## [ABOUT THIS TASK]
Reproduce, please, the line that holds "Seoni (58 km)" and all later lines through the end of the entries below, exactly; omit pictures.

## [RECORDED INFORMATION]
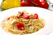 makaron z sosem pomidorowym i bazylią
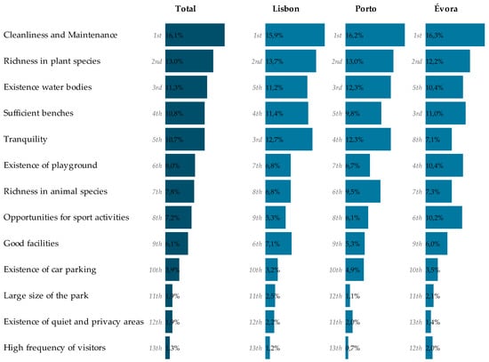 Taking into account the overall results, ‘cleanliness and maintenance’ is rated as the most important public green space characteristic (16.1%, range by city, 15.9–16.3%). The high priority given to this attribute matches several studies conducted worldwide. For instance, in a comparative study conducted in four European cities, (Berlin, Stockholm, Rotterdam and Salzburg), cleanliness was rated as the most important park characteristic for park visitors [23]. Similar results were found in Vienna (Austria) [8], in Guangzhou (China) [52] and Karachi (Pakistan) [53]. In a review paper on qualitative research about the influence of urban parks in park use and physical activity, McCormack et al. [54] also found that cleanliness and maintenance within parks were regularly identified as important factors.
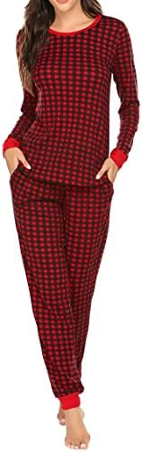 【Plaid Pajama set】Long sleepwear set all designed in eye-catching classic plaid to create women’s soft and cozy pj set,round neck & long sleeve & elasticity is great for women to sleepwear/lounge wear/underwear
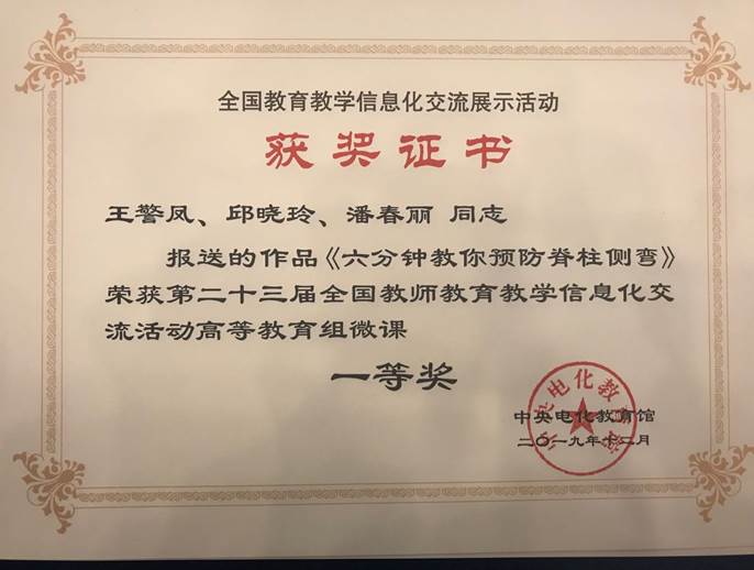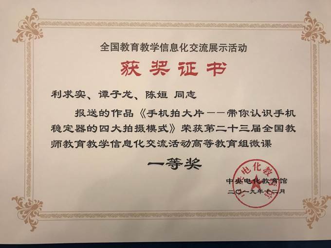 12月6日,由中央电教馆主办的第二十三届全国教师教育教学信息化交流活动在北京落下帷幕。经过校赛、区赛、国赛的层层遴选,我校王警凤老师《六分钟教你预防脊柱侧弯》、利求实老师《手机拍大片——带你认识手机稳定器的四大拍摄模式》的微课作品参加了本次交流活动,并喜获全国一等奖。
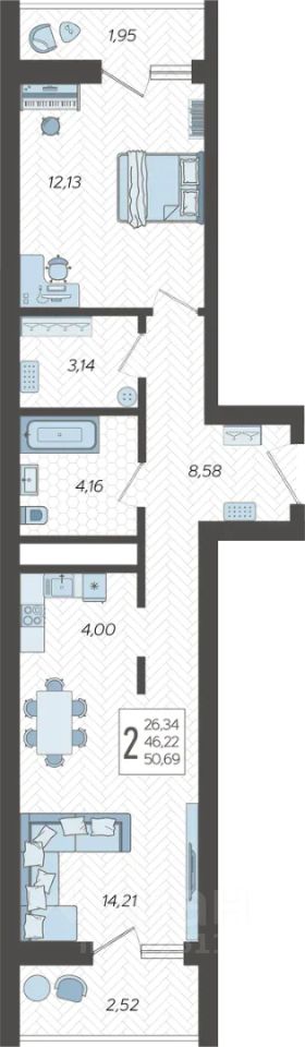 Продаётся 2-комнатная квартира в сданном доме (Корпус 11), срок сдачи: I-кв. 2024, общей площадью 51.7 кв.м., на 13 этаже. Жилой комлекс "Кислород" представляет комплексную застройку, состоящую из 20-ти этажных монолитных домов.
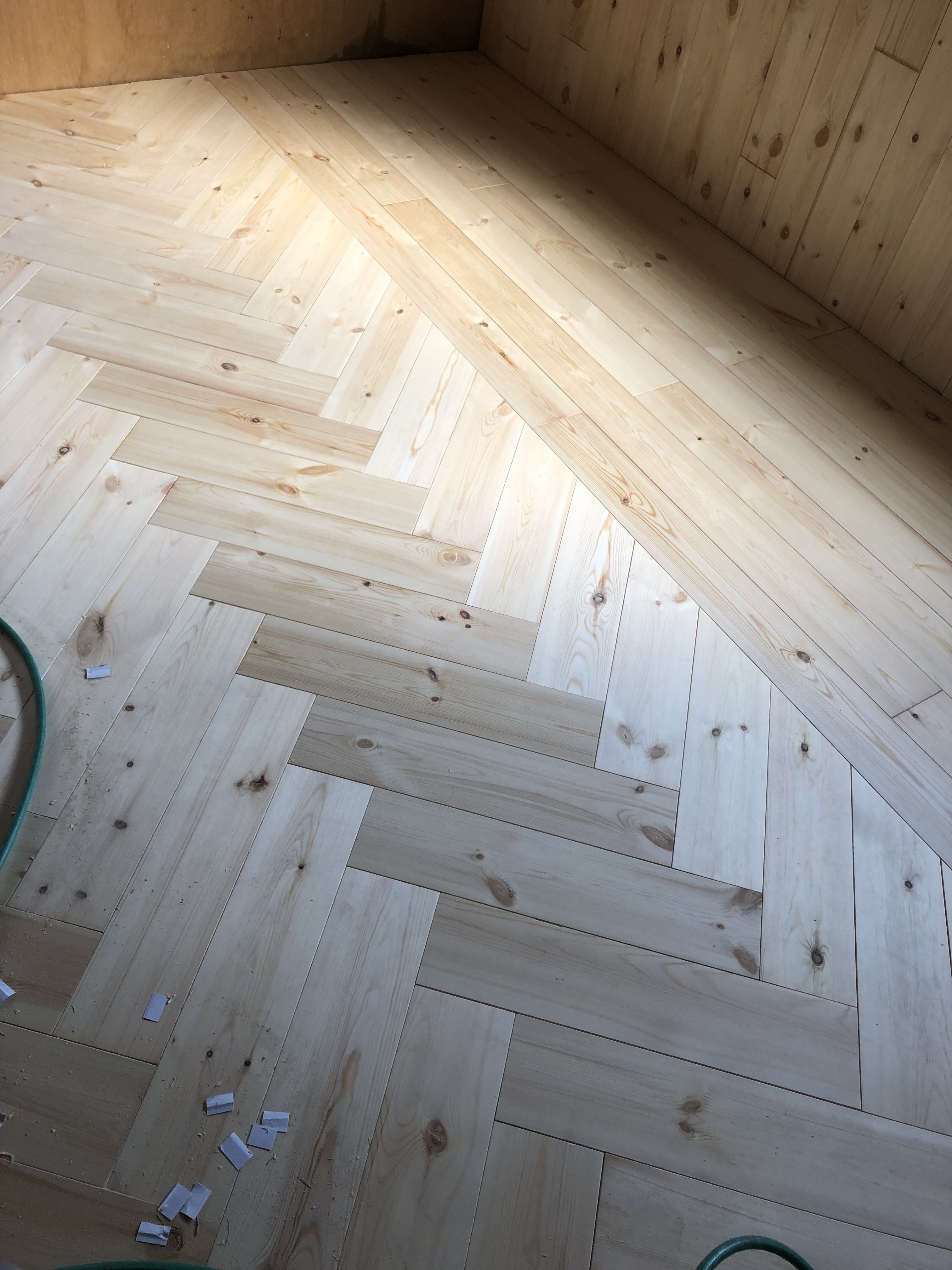 二階の板張りがいい感じで仕上がってきました。 匠の技でめんどくさいヘリンボーン貼りの床がすごく素敵です☆
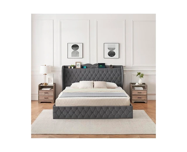 Streamdale Velvet Queen Storage Platform Bed with Wingback Headboard
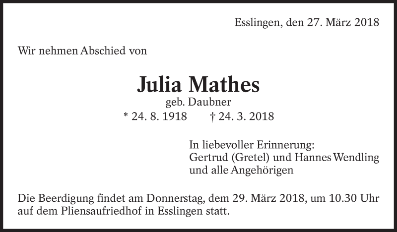 Hier finden Sie alle Traueranzeigen aus der Zeitung, die bisher für Julia Mathes erschienen sind. Weitere Traueranzeigen, die in der Zeitung erscheinen, werden hier ebenfalls aufgelistet
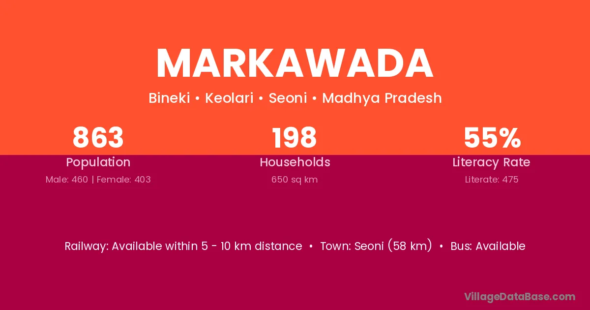 Seoni (58 km) is the nearest town to Markawada village for major economic activities and is located approximately 58 km away.
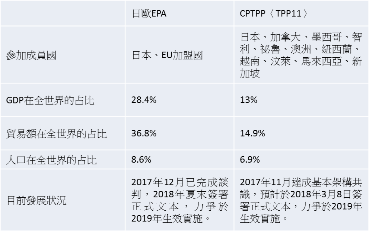 日歐EPA與CPTPP之比較
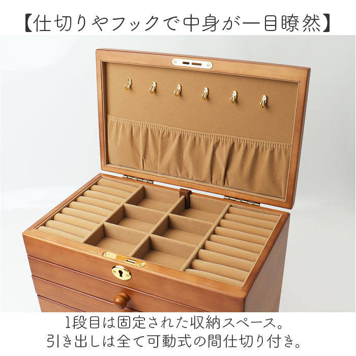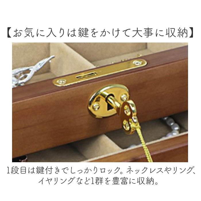 ・1段目は鍵付きでしっかりロック。ネックレスやリング、イヤリングなど1群を豊富に収納。
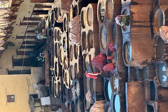 Não dá para visitar Fez sem conhecer o Curtume Chouara. Subimos até um terraço com vista para as cubas de tintura — vermelhos, amarelos, azuis — e vimos os trabalhadores transformando peles em couro com técnicas que não mudam desde a Idade Média. O cheiro é forte (ramos de hortelã ajudam!), mas ver esse ofício antigo de perto vale muito a pena.
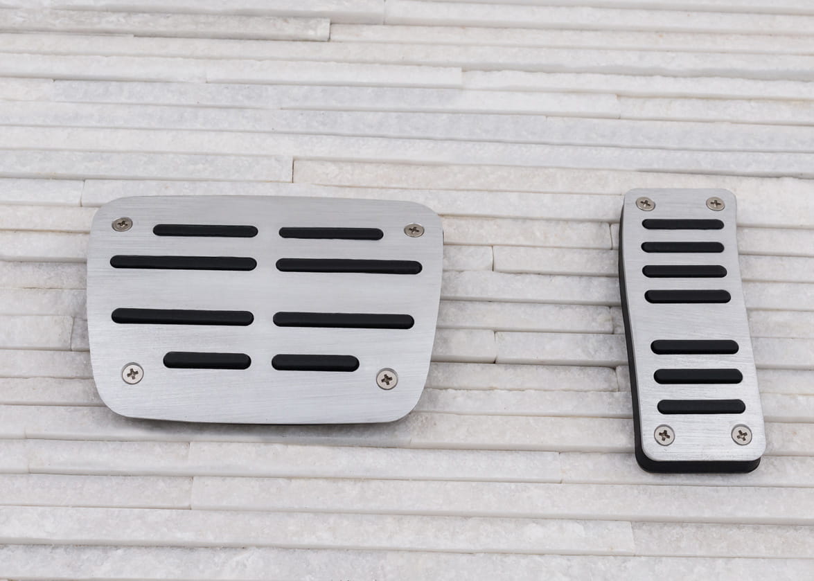 Komplet nakładek zaprojektowany został tak, aby zwiększyć komfort kierowcy podczas prowadzenia samochodu. Zintegrowane, gumowe elementy zapobiegają ślizganiu się podeszwy, co umożliwia pewniejsze operowanie pedałami podczas jazdy. Zastosowanie nakładek poprawia kontrolę nad autem w ekstremalnych sytuacjach, dzięki czemu mogą one mieć niebagatelny wpływ na bezpieczeństwo kierowcy i pasażerów. Nakładki wykonane zostały z materiałów wysokiej jakości, dzięki czemu są nie tylko trwałe, ale także prezentują się znakomicie przez długi czas. Dzięki zastosowaniu szczotkowanego aluminium, zestaw wspaniale komponuje się z innymi elementami wykończenia, podkreślając tym samym elegancki, dynamiczny charakter samochodu. Nakładki montuje się przy pomocy dołączonych wkrętów na fabryczne pedały. Zalecamy montaż profesjonalny. Zapraszamy do zakupu!

## [EXPECTED ANSWER]
 Seoni (58 km) is the nearest town to Markawada village for major economic activities and is located approximately 58 km away.
 日歐EPA與CPTPP之比較
 ・1段目は鍵付きでしっかりロック。ネックレスやリング、イヤリングなど1群を豊富に収納。
 Não dá para visitar Fez sem conhecer o Curtume Chouara. Subimos até um terraço com vista para as cubas de tintura — vermelhos, amarelos, azuis — e vimos os trabalhadores transformando peles em couro com técnicas que não mudam desde a Idade Média. O cheiro é forte (ramos de hortelã ajudam!), mas ver esse ofício antigo de perto vale muito a pena.
 Komplet nakładek zaprojektowany został tak, aby zwiększyć komfort kierowcy podczas prowadzenia samochodu. Zintegrowane, gumowe elementy zapobiegają ślizganiu się podeszwy, co umożliwia pewniejsze operowanie pedałami podczas jazdy. Zastosowanie nakładek poprawia kontrolę nad autem w ekstremalnych sytuacjach, dzięki czemu mogą one mieć niebagatelny wpływ na bezpieczeństwo kierowcy i pasażerów. Nakładki wykonane zostały z materiałów wysokiej jakości, dzięki czemu są nie tylko trwałe, ale także prezentują się znakomicie przez długi czas. Dzięki zastosowaniu szczotkowanego aluminium, zestaw wspaniale komponuje się z innymi elementami wykończenia, podkreślając tym samym elegancki, dynamiczny charakter samochodu. Nakładki montuje się przy pomocy dołączonych wkrętów na fabryczne pedały. Zalecamy montaż profesjonalny. Zapraszamy do zakupu!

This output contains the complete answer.